Stored entries:
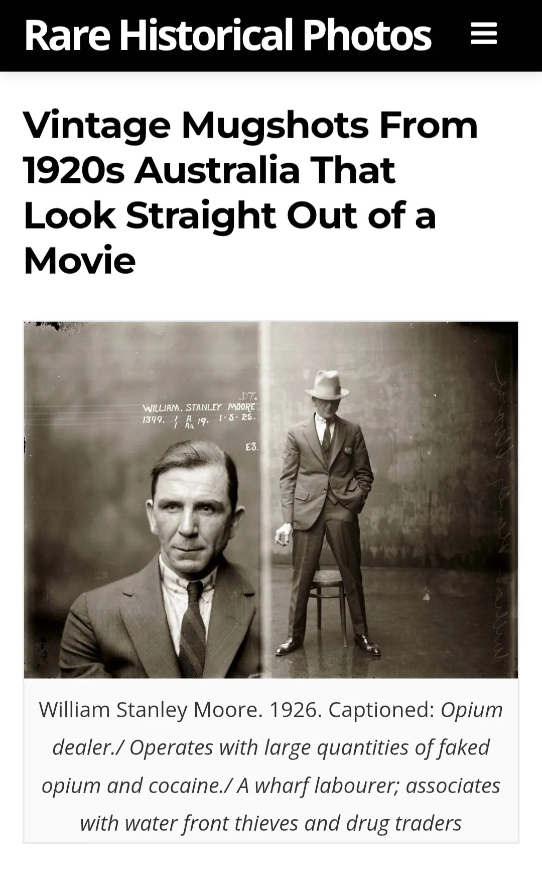 1920년대 호주 경찰이 촬영한 범죄 용의자 머그샷
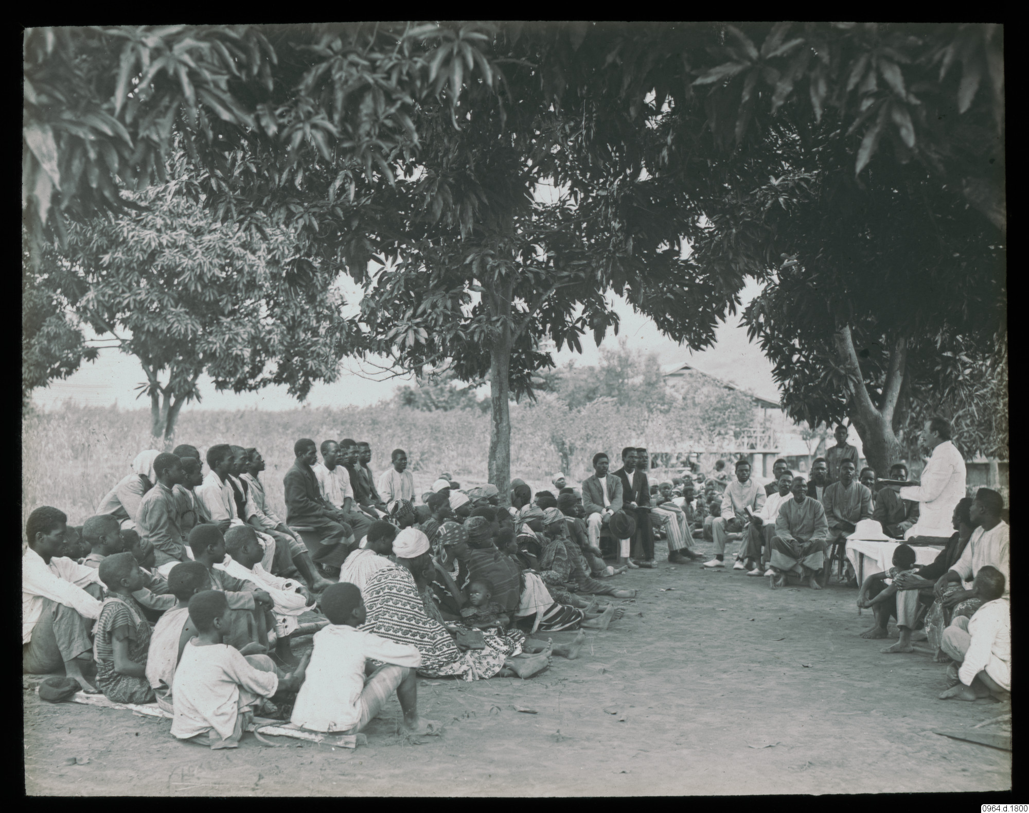 mangoträd, träd, by, gruppbild, missionär, predikan, fotografi, photograph
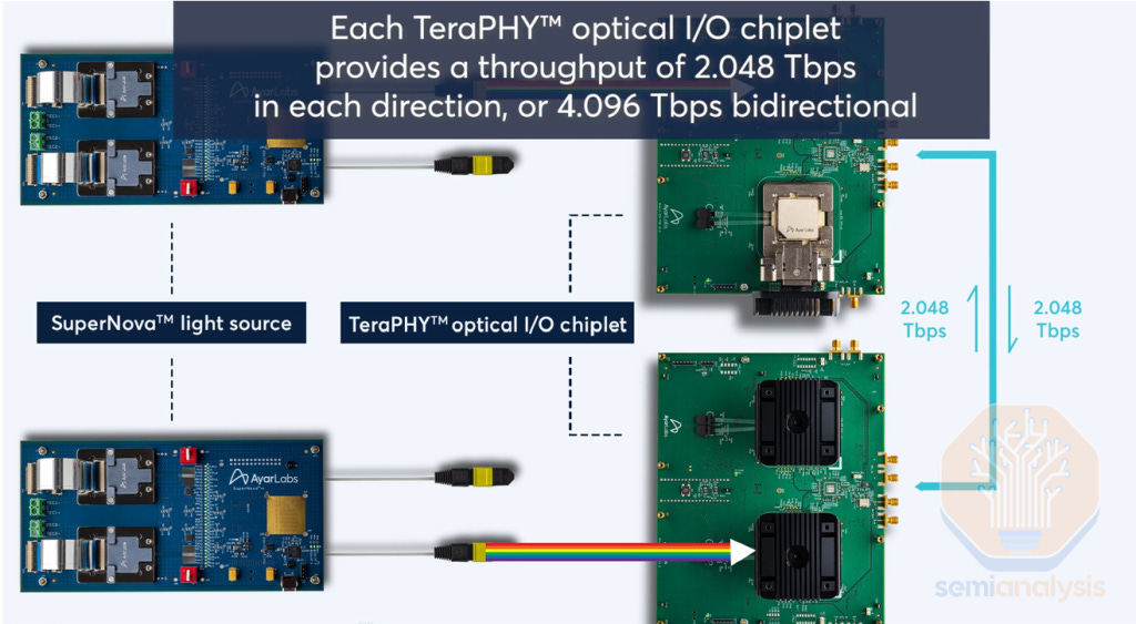 Ayar Labs has also partnered with Alchip and GUC to enable integration of their chiplet into Alchip and GUC’s XPU solutions. The above example illustrates an XPU with two reticle size compute dies and 8 TeraPHY optical engines, which could enable up to 108 Tbit/s uni-directional of bandwidth.
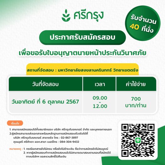 วันนี้ ศรีกรุงโบรคเกอร์ เปิดโอกาสรับสมัครตัวแทนนายหน้าขายประกันภัย
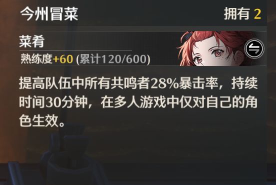 食物制作 特定人物有特色料理加成(食物属性暴击)
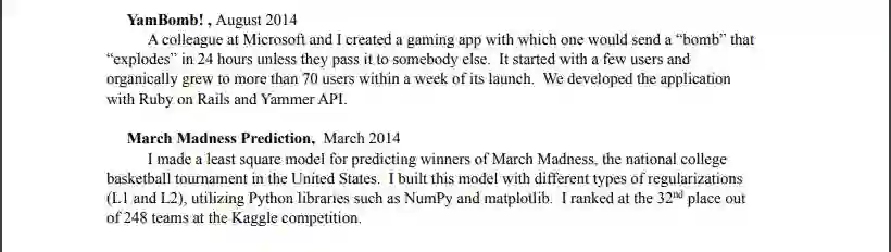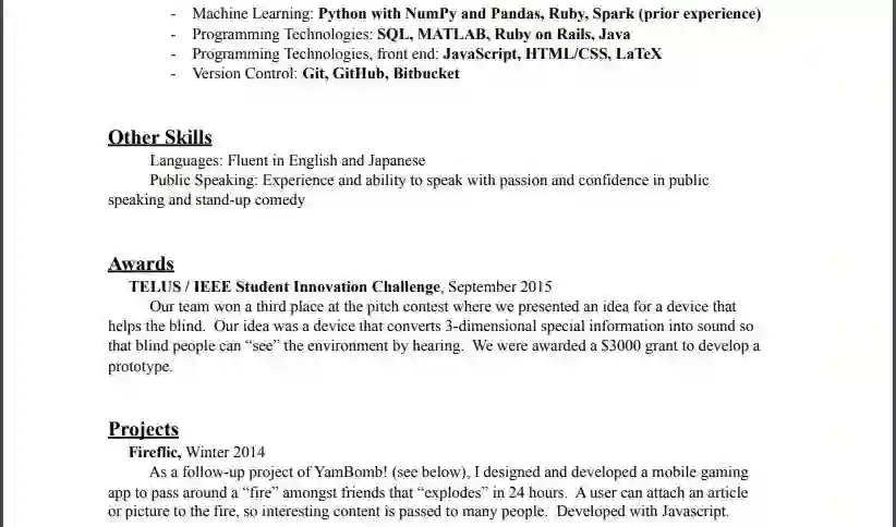 这是我过去申请Google的软件工程师时,使用的简历。它应该只有一页,所以我会说我的简历太长了。仅作参考吧。
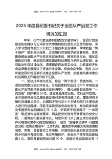 2025年度县纪委书记关于全面从严治党工作情况的汇报.docx
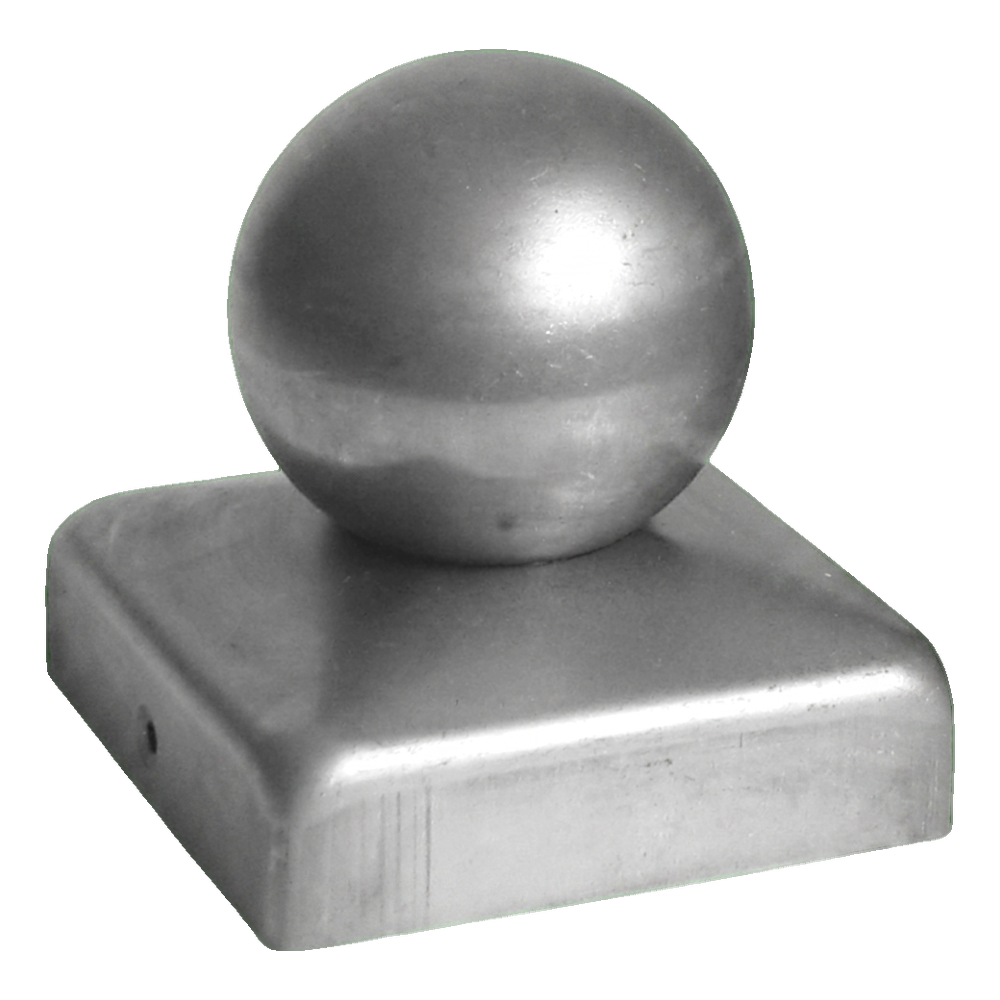 Chapeau en acier pour poteau de clôture 100×100 mm avec boule Ø 60 mm – brut
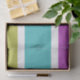 Wrap gifts in colourful style with this monogrammed tissue paper. With a colour block design of wide stripes in pink, green, blue and white, the paper brings a bright boost to your gift wrap supplies.
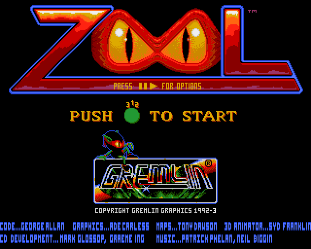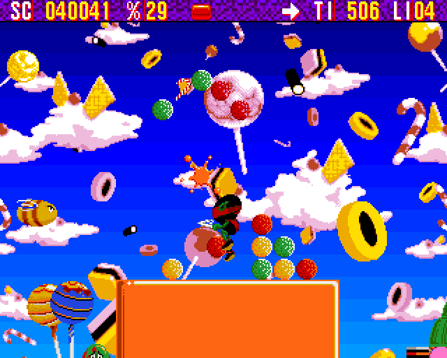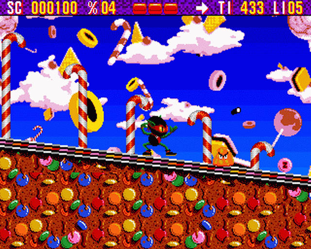 Zool is a fast-paced side-scrolling platformer. The protagonist can run, jump, climb walls, and shoot enemies. Power-ups for Zool are scattered across the levels. These include life-spending hearts, smart bombs, shields, more powerful jump-skill and a twin Zool. This "twin" makes imitates the original's motions a few seconds after he performs them.
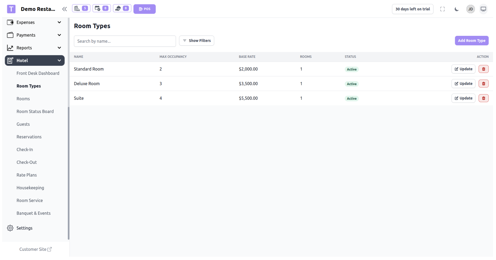 The Room Types section allows administrators to create and manage different categories of hotel rooms. Each room type defines the room capacity and base price.
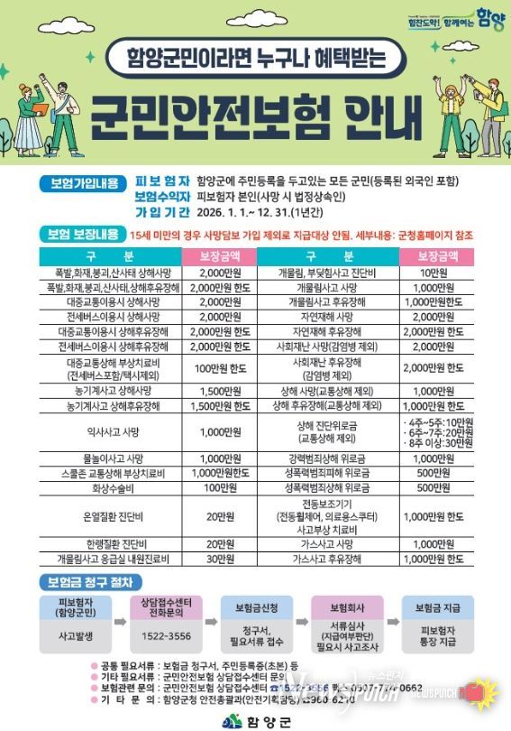 뉴스펀치 박세훈 기자 | 함양군은 군민들이 일상생활 속 각종 재난·사고로부터 보다 안전하게 보호받을 수 있도록 전 군민을 대상으로 한 ‘2026년 군민안전보험’에 가입해 운영한다고 밝혔다.

◆ TASK ITEM ◆
Copy only this from above: the line containing "Ayar Labs has", the line containing "2025年度县纪委书记关于全面从严治党工作情况的汇报.docx", and all lines between, printed exactly. Leave out the pictures.

◆ SOLUTION TO THE PROBLEM ◆
 Ayar Labs has also partnered with Alchip and GUC to enable integration of their chiplet into Alchip and GUC’s XPU solutions. The above example illustrates an XPU with two reticle size compute dies and 8 TeraPHY optical engines, which could enable up to 108 Tbit/s uni-directional of bandwidth.
 วันนี้ ศรีกรุงโบรคเกอร์ เปิดโอกาสรับสมัครตัวแทนนายหน้าขายประกันภัย
 食物制作 特定人物有特色料理加成(食物属性暴击)
 这是我过去申请Google的软件工程师时,使用的简历。它应该只有一页,所以我会说我的简历太长了。仅作参考吧。
 2025年度县纪委书记关于全面从严治党工作情况的汇报.docx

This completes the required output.